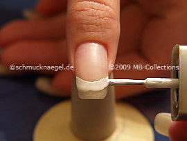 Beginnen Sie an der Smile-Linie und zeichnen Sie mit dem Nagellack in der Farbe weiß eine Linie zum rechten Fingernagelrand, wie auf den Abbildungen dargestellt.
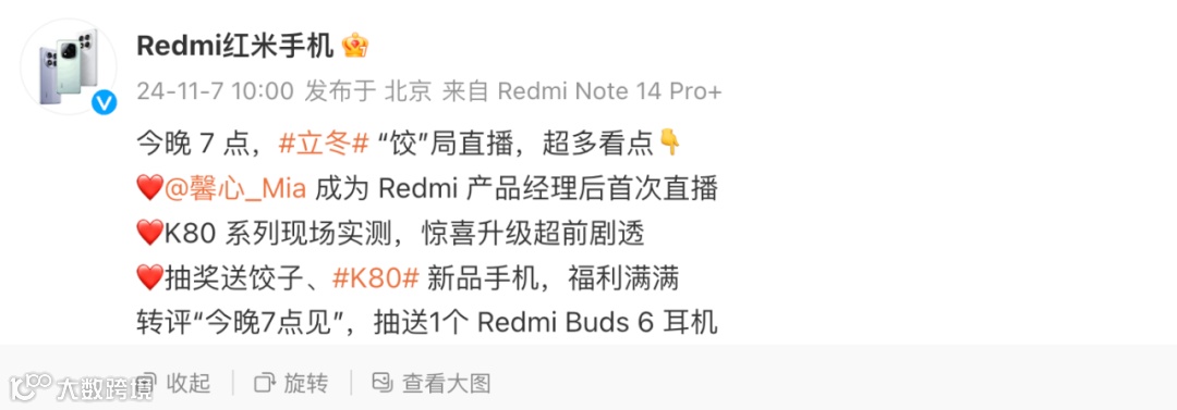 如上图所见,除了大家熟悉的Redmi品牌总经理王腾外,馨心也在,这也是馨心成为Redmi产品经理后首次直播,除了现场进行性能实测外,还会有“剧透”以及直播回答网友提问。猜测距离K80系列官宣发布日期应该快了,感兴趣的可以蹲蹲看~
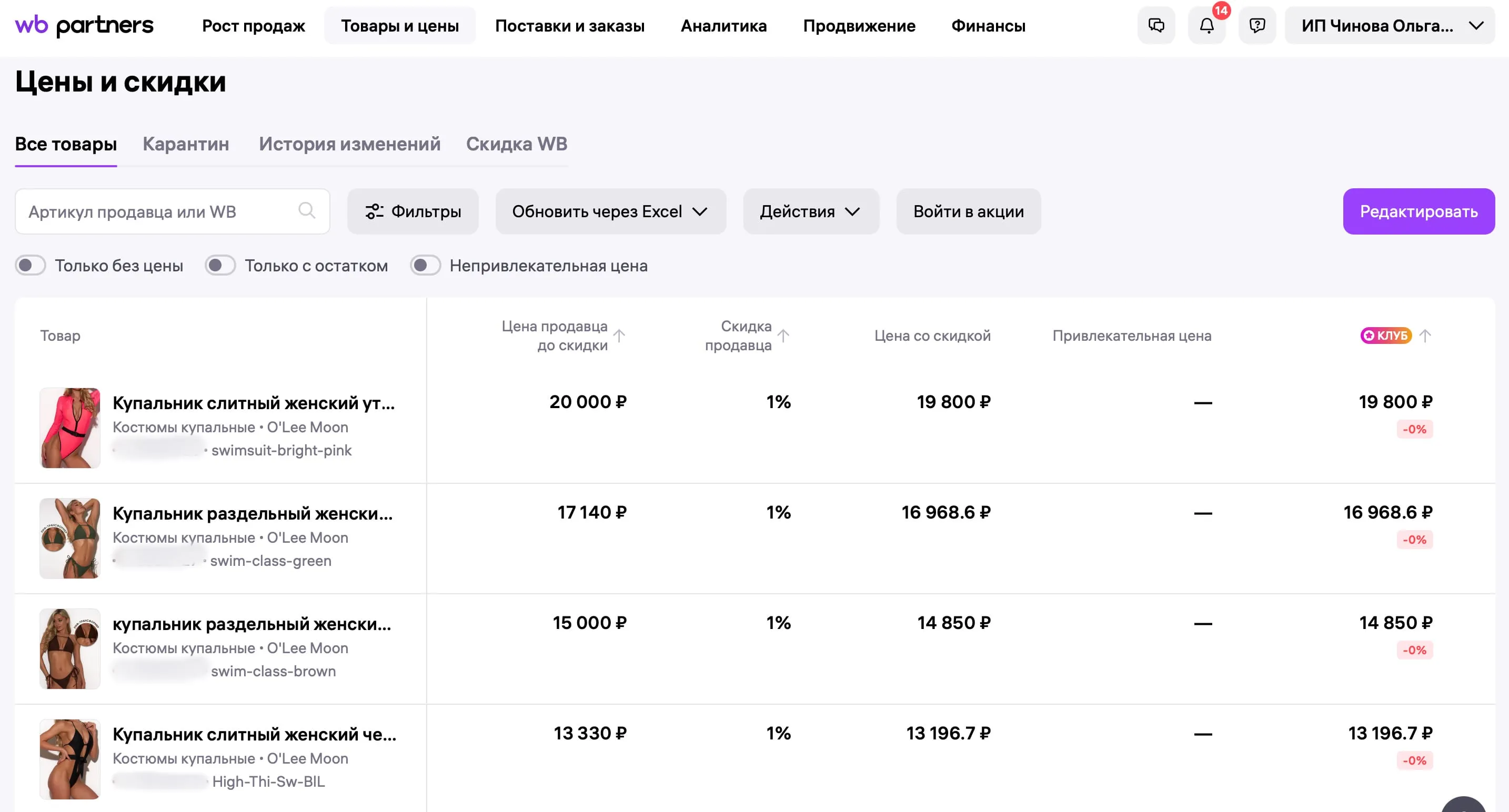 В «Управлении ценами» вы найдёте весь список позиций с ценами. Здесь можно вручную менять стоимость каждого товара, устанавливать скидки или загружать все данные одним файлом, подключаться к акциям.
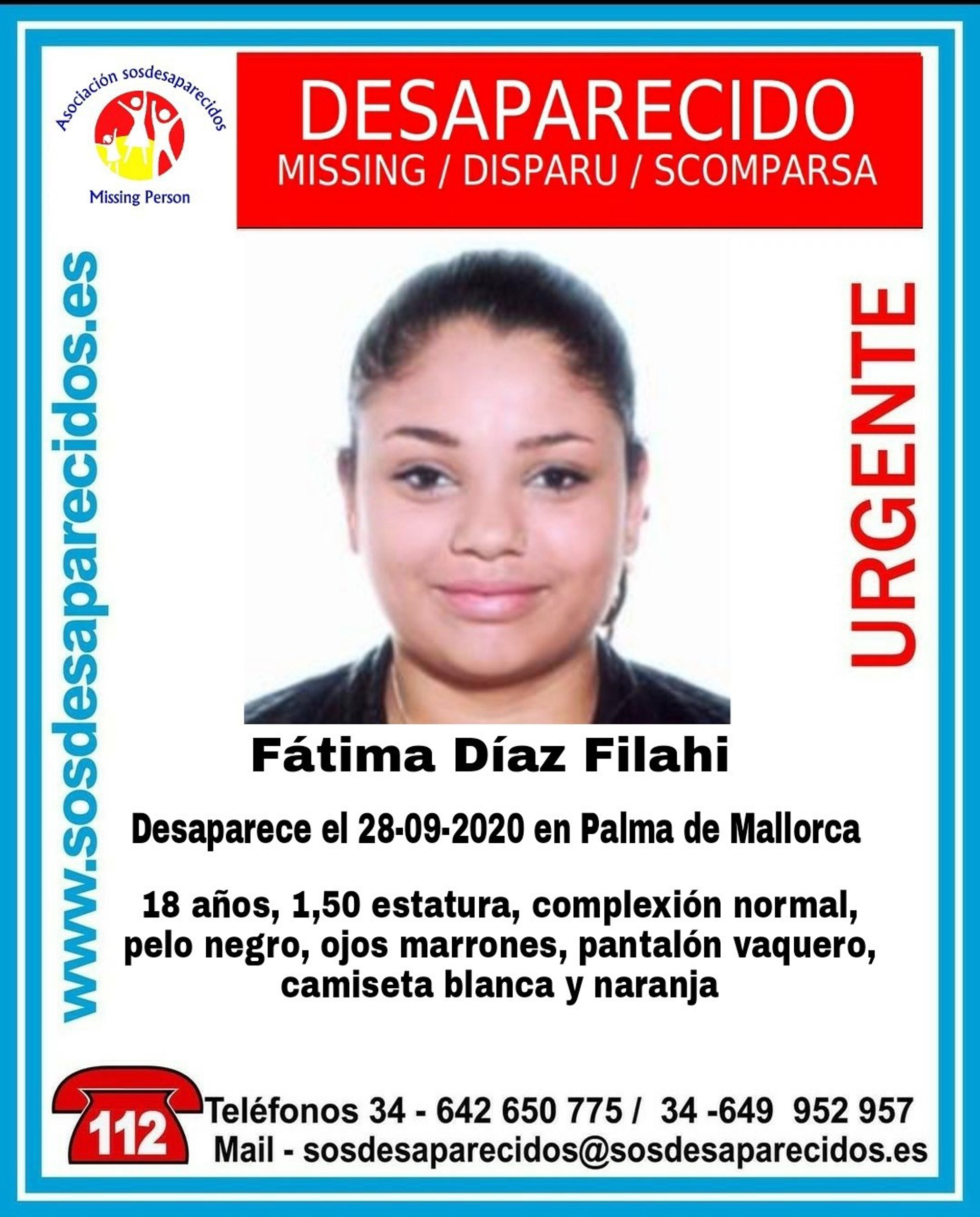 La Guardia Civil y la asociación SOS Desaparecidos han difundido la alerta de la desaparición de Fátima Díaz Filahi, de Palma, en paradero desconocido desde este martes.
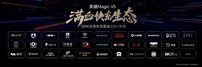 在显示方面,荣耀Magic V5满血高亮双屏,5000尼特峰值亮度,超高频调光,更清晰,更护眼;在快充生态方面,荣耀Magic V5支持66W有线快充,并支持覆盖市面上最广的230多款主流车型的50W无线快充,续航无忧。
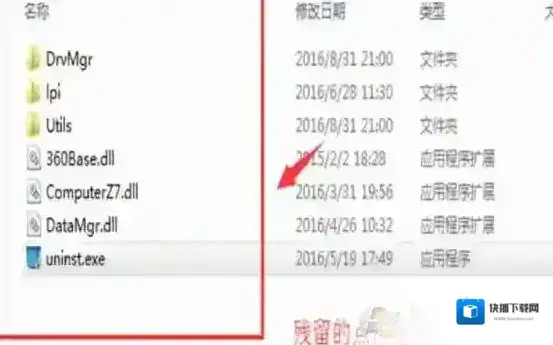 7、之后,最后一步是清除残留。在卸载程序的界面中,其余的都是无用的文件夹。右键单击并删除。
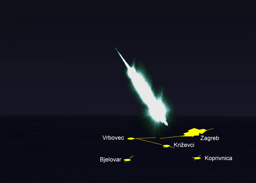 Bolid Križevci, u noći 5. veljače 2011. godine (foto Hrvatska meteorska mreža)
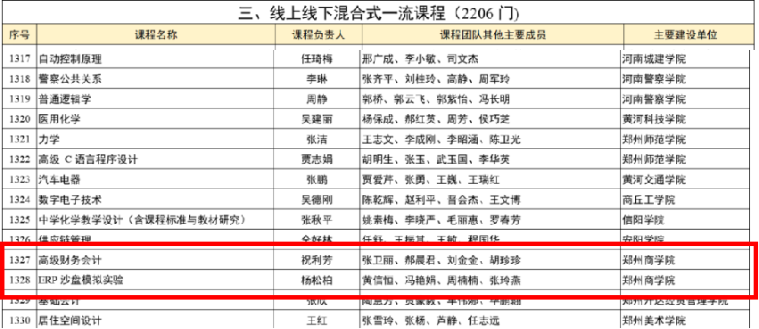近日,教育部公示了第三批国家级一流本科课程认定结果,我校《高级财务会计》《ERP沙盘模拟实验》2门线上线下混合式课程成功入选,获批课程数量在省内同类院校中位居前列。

#####

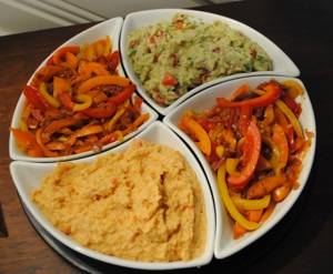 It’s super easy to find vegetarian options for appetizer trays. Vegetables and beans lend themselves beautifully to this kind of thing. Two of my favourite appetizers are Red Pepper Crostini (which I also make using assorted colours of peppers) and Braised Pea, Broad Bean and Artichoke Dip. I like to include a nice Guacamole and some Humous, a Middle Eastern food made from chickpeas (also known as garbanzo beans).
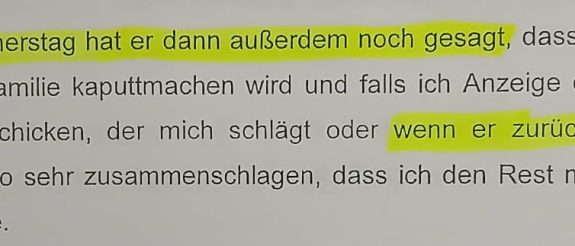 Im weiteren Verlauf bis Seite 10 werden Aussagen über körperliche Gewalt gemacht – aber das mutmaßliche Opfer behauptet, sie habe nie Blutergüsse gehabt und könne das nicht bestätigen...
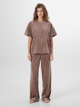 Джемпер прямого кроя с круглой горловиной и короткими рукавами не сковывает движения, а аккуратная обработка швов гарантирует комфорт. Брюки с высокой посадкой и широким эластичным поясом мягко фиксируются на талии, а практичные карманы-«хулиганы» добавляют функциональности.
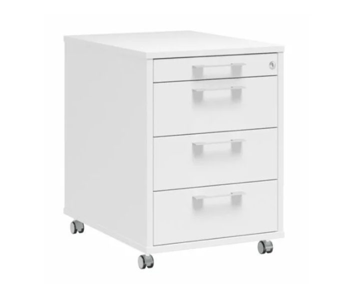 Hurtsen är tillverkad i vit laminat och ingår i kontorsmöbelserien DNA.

#####

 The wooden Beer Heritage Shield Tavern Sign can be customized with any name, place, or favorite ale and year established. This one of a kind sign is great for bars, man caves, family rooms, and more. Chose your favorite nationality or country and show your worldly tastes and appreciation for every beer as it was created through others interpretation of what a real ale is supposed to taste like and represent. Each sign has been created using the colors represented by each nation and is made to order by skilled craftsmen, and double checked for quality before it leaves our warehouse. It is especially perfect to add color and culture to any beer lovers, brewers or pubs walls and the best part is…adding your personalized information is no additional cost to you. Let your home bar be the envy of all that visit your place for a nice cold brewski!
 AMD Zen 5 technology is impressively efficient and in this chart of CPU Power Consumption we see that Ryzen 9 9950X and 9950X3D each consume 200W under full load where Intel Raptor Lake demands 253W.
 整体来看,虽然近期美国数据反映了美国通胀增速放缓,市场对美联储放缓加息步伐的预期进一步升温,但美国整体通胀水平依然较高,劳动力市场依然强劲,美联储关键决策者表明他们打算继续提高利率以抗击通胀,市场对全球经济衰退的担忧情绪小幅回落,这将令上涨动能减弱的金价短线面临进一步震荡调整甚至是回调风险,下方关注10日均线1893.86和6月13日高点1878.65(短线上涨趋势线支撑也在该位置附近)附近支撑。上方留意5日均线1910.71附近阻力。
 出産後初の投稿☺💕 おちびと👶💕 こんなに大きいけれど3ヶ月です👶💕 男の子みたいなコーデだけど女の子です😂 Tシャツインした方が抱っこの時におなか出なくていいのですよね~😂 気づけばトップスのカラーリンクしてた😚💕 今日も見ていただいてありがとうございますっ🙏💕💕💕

#####

BRIEF - Start with the line above that contains "AMD Zen 5 technology" and end with the line that contains "整体来看,虽然近期美国数据反". Write out those lines exactly, and only those.

WORKED SOLUTION -
 AMD Zen 5 technology is impressively efficient and in this chart of CPU Power Consumption we see that Ryzen 9 9950X and 9950X3D each consume 200W under full load where Intel Raptor Lake demands 253W.
 整体来看,虽然近期美国数据反映了美国通胀增速放缓,市场对美联储放缓加息步伐的预期进一步升温,但美国整体通胀水平依然较高,劳动力市场依然强劲,美联储关键决策者表明他们打算继续提高利率以抗击通胀,市场对全球经济衰退的担忧情绪小幅回落,这将令上涨动能减弱的金价短线面临进一步震荡调整甚至是回调风险,下方关注10日均线1893.86和6月13日高点1878.65(短线上涨趋势线支撑也在该位置附近)附近支撑。上方留意5日均线1910.71附近阻力。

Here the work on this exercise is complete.